Since I didn’t know any program that does that, I modified an existing program that converts BDF glyphs into C header files and added the option to dump in the needed format: the repo is here bdf2c but don’t look at the code, is very ugly :P.

As final step I dumped the characters needed

$ cat fpga/mojo/VGAGlyph/font/uni_vga/u_vga16.bdf  | /opt/bdf2c/bdf2c -z glyph.coe -b

and synthetized with the Xilinx tools the design.

Sync

The first attempt for this controller had some issues with timing, something like the situation described here.

Roughly speaking, every memory block needs one clock cycle to output the value it’s storing, since we have two memories in series we need two clock cycles to obtain the pixel values to output on the screen. So the pixel data and the hsync and vsync signals are out of synch causing the character to be not aligned to the side of the screen.

Another connection that need an explicit synchronization is the combinational logic that translates the screen’s coordinates for the glyph ROM: as just said, only after one clock cycle the ASCII value is output from the text memory, so using directly the glyph coordinates derived from the screen ones gives you the wrong glyph data; this is the reason for the sequential always@(posedge clk) instruction.

I want to stress here that the approach chosen is to delay the signals out of synch in order to align it; this is accomplished using some flip flops.

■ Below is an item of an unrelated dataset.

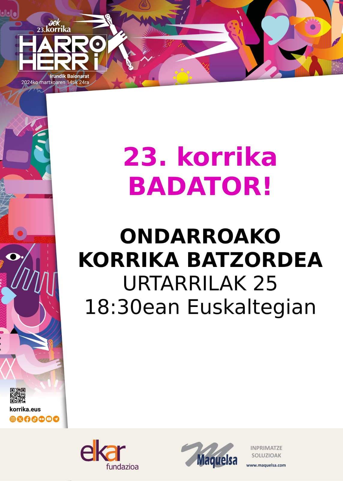 23.KORRIKA hurreatzen dun heiñin, herriko KORRIKA batzordin billerakin hasiko diz. Ongoxe eguenin (U-25) arratsaldeko 6:3o xetan Euskaltegixan (Kofrai Zaharrin) ixango da lelengoku, bertan herriko talde desbardiñan ordezkarixak batuko diz 23.KORRIKAn ingurun herrixan eingo dizen ekintzak antolatzeko. Hadi egon eingo dizen deialdixai!
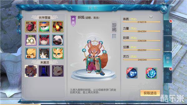 久居九黎野的妖狐,从父母被赤罗门抓走后的那天起,脸上再无笑容,因为复仇的原因,它在游戏里的定位是个暴力远程输出。主动技能狐火可以攻击敌方及其周围的目标,是个大范围的AOE技能;被动技能弱化可让妖狐攻击时有30%概率降低敌人的防御力,而且上阵时给主人增加攻击力、法术防御和命中的buff,如果你的角色是个暴力输出的话,搭配妖狐能让输出更为爆炸。

When I started thinking to this problem I came up with different options in order to solve it

  1. pass the \(x, y\) coordinates decremented of two
  2. pass a clock twice as fast as the one for the hsync and vsync
  3. read the character memory only once every eigth clock cycles

but thanks to a chapter of “FPGA prototyping by Verilog examples” I realized that is simpler to “slow down” the signals; it’s not probably a solution for all the use cases, but this particular one, where the signal data is generated continuosly, I think is a good situation.

By the way, the implementation of the delay uses the following block of code

always@(posedge clk) begin
	hsync_delayed1 <= hsync_out_original;
	hsync_delayed2 <= hsync_delayed1;
	hsync_delayed3 <= hsync_delayed2;
	
	vsync_delayed1 <= vsync_out_original;
	vsync_delayed2 <= vsync_delayed1;
	vsync_delayed3 <= vsync_delayed2;

	inDisplayAreaDelayed1 <= inDisplayArea;
	inDisplayAreaDelayed2 <= inDisplayAreaDelayed1;
end

assign hsync_out = hsync_delayed3;
assign vsync_out = vsync_delayed3;

inside the VGA module.

Summary

My advice, when some issue arises from a design, is to draw explicitely a diagram of the different blocks composing your system like my awesome™ hand-drawn scheme.

In this way you can see clearly the timing and connections. The best way however is to create a reliable testbench to test the design, but this is a topic for another day.

At the end it seems to work just fine :)

If you are interested in the project, the source code can be found on github.